━━━━━ TASK DATA ━━━━━

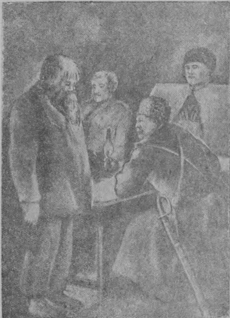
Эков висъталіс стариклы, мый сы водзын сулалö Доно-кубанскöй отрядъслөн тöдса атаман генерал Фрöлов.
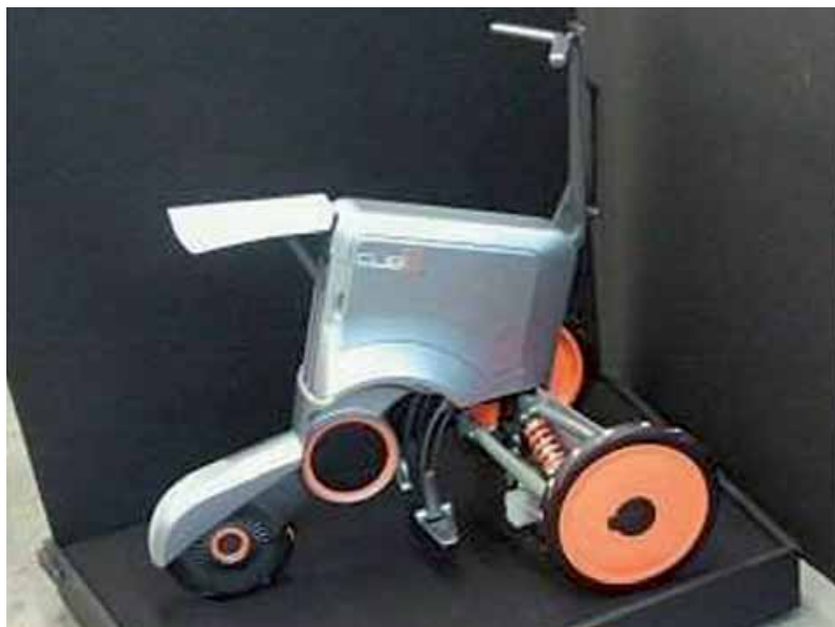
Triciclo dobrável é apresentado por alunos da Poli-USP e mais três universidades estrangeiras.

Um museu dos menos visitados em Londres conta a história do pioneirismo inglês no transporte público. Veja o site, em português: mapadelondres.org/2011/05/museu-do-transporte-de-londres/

━━━━━
━━━━━ TASK DATA ━━━━━

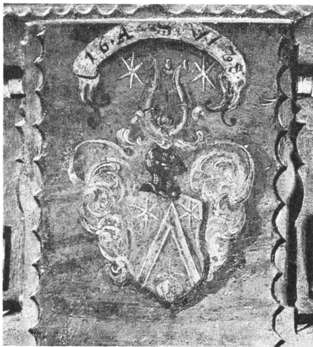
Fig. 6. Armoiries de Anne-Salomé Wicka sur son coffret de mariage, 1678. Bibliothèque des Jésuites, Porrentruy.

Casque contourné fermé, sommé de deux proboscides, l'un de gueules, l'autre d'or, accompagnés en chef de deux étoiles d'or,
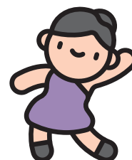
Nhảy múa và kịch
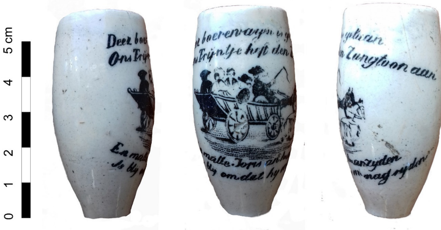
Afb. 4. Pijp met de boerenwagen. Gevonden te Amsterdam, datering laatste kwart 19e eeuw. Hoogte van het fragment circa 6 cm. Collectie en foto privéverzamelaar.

━━━━━

# [PROBLEM STATEMENT]
Could you reproduce, exactly, every line above from the line with "Triciclo dobrável é" to the line with "Um museu dos", and no other line? Both ends count.

# [EXERCISE SOLUTION]
Triciclo dobrável é apresentado por alunos da Poli-USP e mais três universidades estrangeiras.

Um museu dos menos visitados em Londres conta a história do pioneirismo inglês no transporte público. Veja o site, em português: mapadelondres.org/2011/05/museu-do-transporte-de-londres/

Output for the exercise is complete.